Ça y est ! Nous pouvons enfin le crier sur tous les toits ! Jafar (Panahi) est libre ! Libre !
Après 86 jours de détention dans la funeste prison d’Evin. Après deux semaines de mobilisation internationale à travers le festival de Cannes. Nous pouvons enfin savourer notre victoire. Mais ce ne fut pas simple. Jusqu’à la dernière minute, nous avons douté. C’est que nous connaissons par cœur les autorités iraniennes qui excellent dans l’art de la désinformation. Après avoir annoncé une possible libération dès samedi, il a fallu attendre deux jours supplémentaires pour voir le procureur général de Téhéran enfin signer la libération de Jafar, et encore un autre interminable jour pour que le cinéaste sorte de prison !
Bravo Jafar, tu peux savourer ta liberté ô combien méritée. Sors tout de suite profiter de ta famille et de l’agréable printemps téhéranais.

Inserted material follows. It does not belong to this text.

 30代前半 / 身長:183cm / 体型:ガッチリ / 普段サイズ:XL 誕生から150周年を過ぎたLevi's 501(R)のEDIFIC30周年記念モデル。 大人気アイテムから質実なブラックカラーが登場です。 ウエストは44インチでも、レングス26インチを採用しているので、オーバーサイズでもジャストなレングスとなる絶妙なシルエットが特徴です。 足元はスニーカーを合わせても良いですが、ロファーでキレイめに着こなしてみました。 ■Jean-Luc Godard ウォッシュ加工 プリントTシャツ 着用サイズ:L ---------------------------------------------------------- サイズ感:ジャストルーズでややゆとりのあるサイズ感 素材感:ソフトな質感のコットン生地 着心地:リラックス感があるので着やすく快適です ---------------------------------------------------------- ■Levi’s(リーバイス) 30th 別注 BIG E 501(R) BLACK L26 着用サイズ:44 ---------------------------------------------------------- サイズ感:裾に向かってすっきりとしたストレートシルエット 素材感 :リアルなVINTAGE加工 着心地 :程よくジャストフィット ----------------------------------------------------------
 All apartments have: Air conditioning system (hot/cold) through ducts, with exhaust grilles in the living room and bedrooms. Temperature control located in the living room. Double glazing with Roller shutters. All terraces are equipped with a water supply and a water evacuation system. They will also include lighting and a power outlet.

Car une énorme crainte nous hantait depuis dimanche soir. Nous redoutions qu’avec la clôture du festival, qui avait permis de faire de la libération de Jafar une cause mondiale, l’attention internationale autour du réalisateur iranien ne s’estompe, que les autorités iraniennes n’en profitent pour condamner leur otage et ne le laissent pourrir de nombreuses années dans ses terribles geôles.

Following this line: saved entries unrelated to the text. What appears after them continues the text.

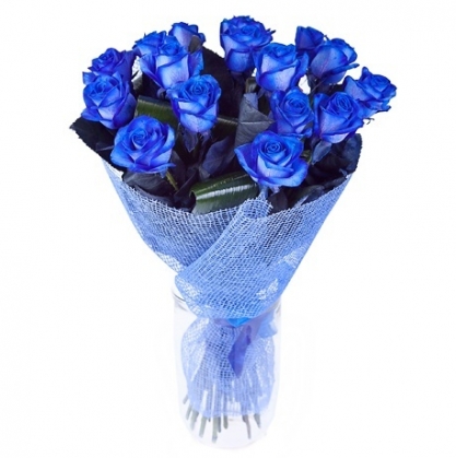 Букет из 15 синих роз в упаковке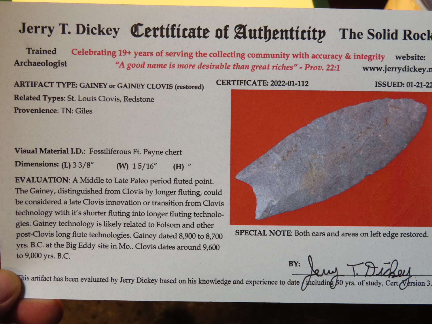 3 3/8″ Gainey or Gainey Clovis, Dickey COA, found in Giles Co., Tennessee ***RESTORED***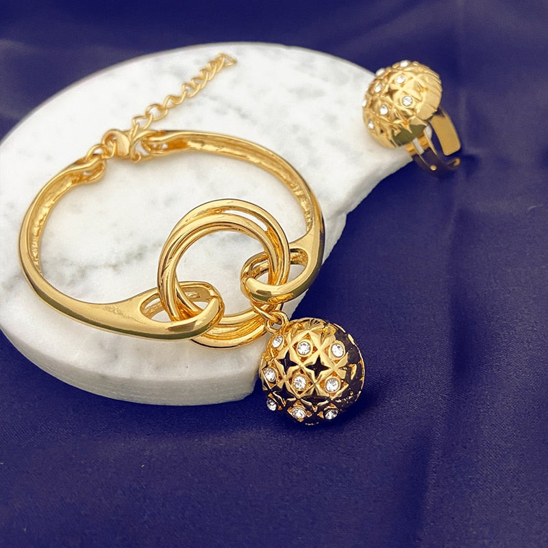 Afraic Jewelry -Jewelry Sets For Women Fashion Jewelry 18k Gold Plated Necklace Sets Openwork Bead Pendant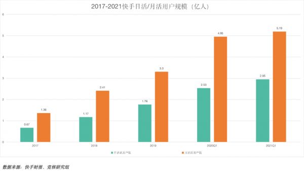 根据财报显示,2021年第一季度中,快手中国应用程序以及小程序平均日活跃用户达3.792亿,同比增长26.4%,平均月活跃用户达5.198亿。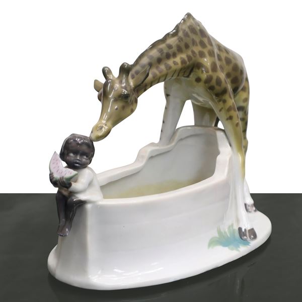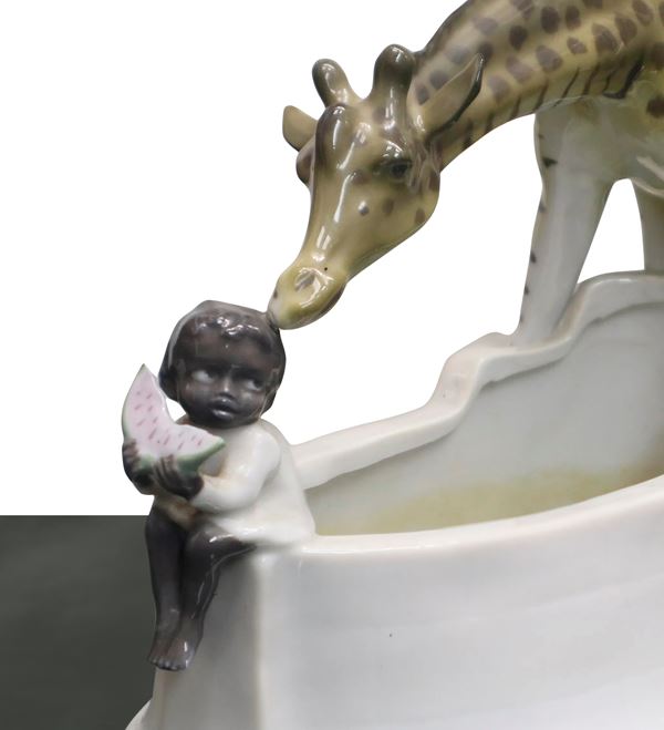 Giraffa con bimbo che mangia l'anguria

Mais si il y a une personne à qui Jafar doit sa libération. C’est bien à lui-même. C’est avec un courage inouï, qu’il a décidé, il y a dix jours, en apprenant la mobilisation internationale dont il avait fait l’objet, d’écrire une lettre de remerciement au festival de Cannes. Un message qui a été lu par le Ministre français de la Culture, Frédéric Mitterrand, le proche ami de Panahi, Abbas Bakhtiari, et moi-même, en haut des marches du Festival le 15 mai dernier. (Ce fut un véritable chemin de croix, semé d’embûches et de requins, et ce n’est que grâce à la gracieuse intervention de Bernard-Henri Lévy, que nous sommes avons réussi). Une lettre qui a ému toute la croisette, en même temps qu’elle a inquiété. Jafar savait qu’une exposition internationale ne pouvait que l’aider. Mais il n’ignorait pas non plus qu’elle pouvait rendre les autorités iraniennes furieuses…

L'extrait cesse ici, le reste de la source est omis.